В 40-м году брат Ивана Сергеевича, Николай, приехал к нам в Москву и как родственник стал часто нас посещать то утром, то вечером. Я еще была в девушках и много выезжала. На балах Н. С. всегда подходил звать меня на какой-нибудь танец, но он был так мало занимателен, что я всячески старалась от него отделаться.

Афанасий Афанасьевич Фет:

Ник. Серг. в совершенстве владел французским, немецким, английским и итальянским языками. В салоне бывал неистощим, и я не раз слыхал мнение светских людей, говоривших, что, в сущности, Ник. Сергеевич был гораздо умнее Ив. Серг. Я даже передавал эти слухи самому Ив. Серг., понимавшему вместе со мною их нравственное убожество. <…>

Невзирая на внешнее сходство двух братьев, они, в сущности, были прямою противоположностью друг друга. Насколько Ив. Серг. был беззаботным бессребреником, настолько Николай мог служить типом стяжательного скупца. Известно, что после смерти Варв. Петр. Николай приехал в Спасское и забрал всю бронзу, серебро и бриллианты, и все это они с женой берегли в тургеневской кладовой. Если справедливо, что Ник. Серг. в душе презирал поэзию, то нельзя сказать, чтобы он не чувствовал ее окраски, чему доказательством может служить переданный мне Ив. Сергеевичем разговор его с братом.

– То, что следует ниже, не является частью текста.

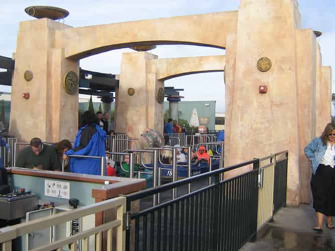 The first drop is much like any flume ride. Following this, the boats leave the track, and float along a slow moving flume section, into the archway under the drop.
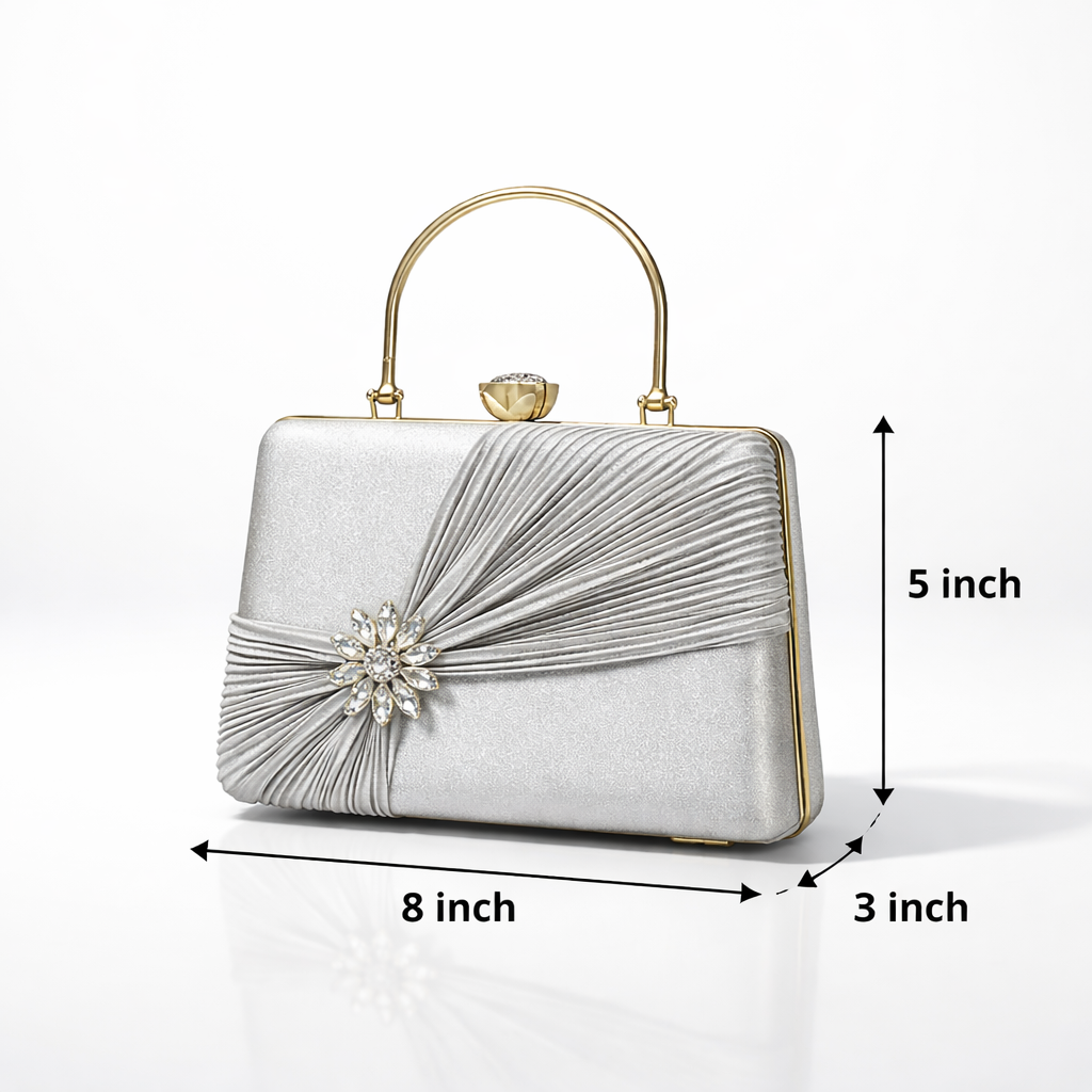 Silver color Party Wear Stylish PU/ Rexine Clutch Handle bag
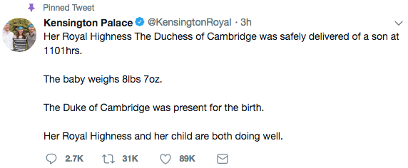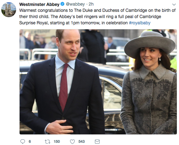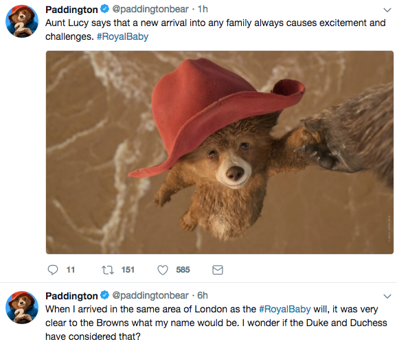 A wide stream of congratulations, wishes and comments began to overflow social media from the moment the birth of the baby was announced. Starting from Westminster Abbey, ending on Paddington Bear!

– Стоит ли, – говорил Ник. Серг., – заниматься таким пустым делом, которое всякий ленивый на гулянках может исполнить.

– Вот ты и не ленив, – отвечал Ив. С., – но даже одного стиха не напишешь, как Жуковский.

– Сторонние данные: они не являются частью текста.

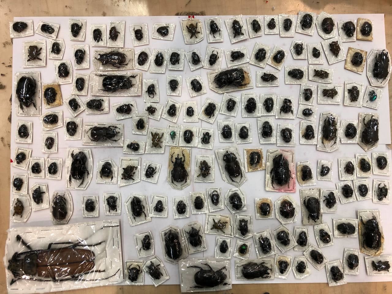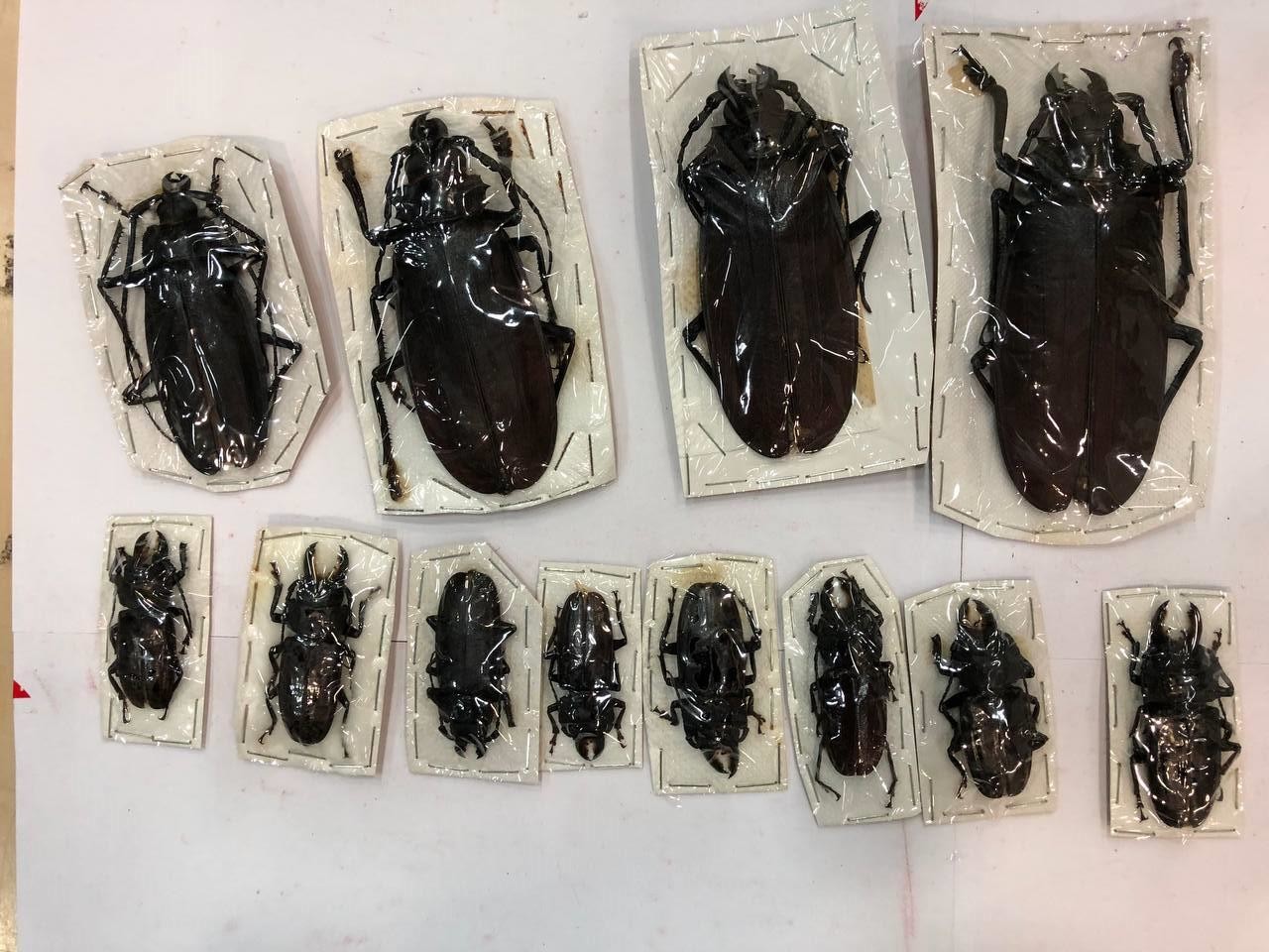 Как установила экспертиза, жуки — это трофеи неотропического царства. Среди них — крупнейший в мире ночной дровосек-титан длиной почти 20 сантиметров, а также жуки-долгоносики и носороги из семейства пластинчатоусых.
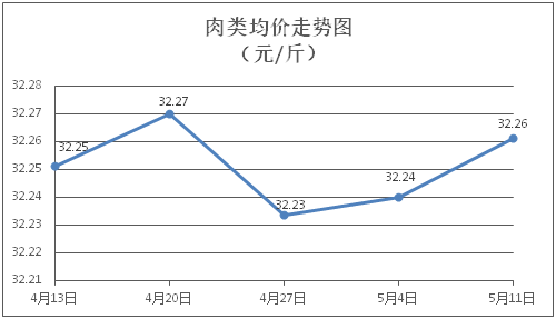 肉类商品价格稳中微涨。所监测的8种肉类商品价格波动情况为3涨1跌4平,综合零售均价为每斤32.26元,环比上涨0.07%。其中:排骨、精瘦肉、肋条肉、牛肉、带骨羊肉零售均价分别为每斤30.70元、19.34元、15.90元、46.21元、42.04元,环比分别持平、上涨0.89%、上涨0.06%、持平、下降0.26%。
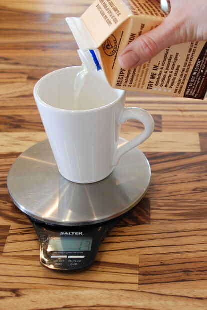 En esta etapa tomó cerca de 10% de la mezcla y colocarla en un recipiente separado. Colocar 10% del merengue restante en este tazón de fuente y el otro 90% en la mezcla original. Para hacer este pesar la mezcla del tazón de fuente y deducir el peso usted tomó al principio. Ahora Divida esta cifra por 10.

– Ничего нет легче, – отвечал Николай:

Дышит чистый фимиам урною святою.

– А ведь похоже, – говорил хохочущий Ив. Серг.

Евгений Михайлович Феоктистов:

Николай Сергеевич производил впечатление очень дюжинного человека, каким, впрочем, выставлял его и брат, упражнявшийся в остроумии над ним, как и вообще над всеми. По словам его, Николай Сергеевич ровно ничего не понимал в литературе.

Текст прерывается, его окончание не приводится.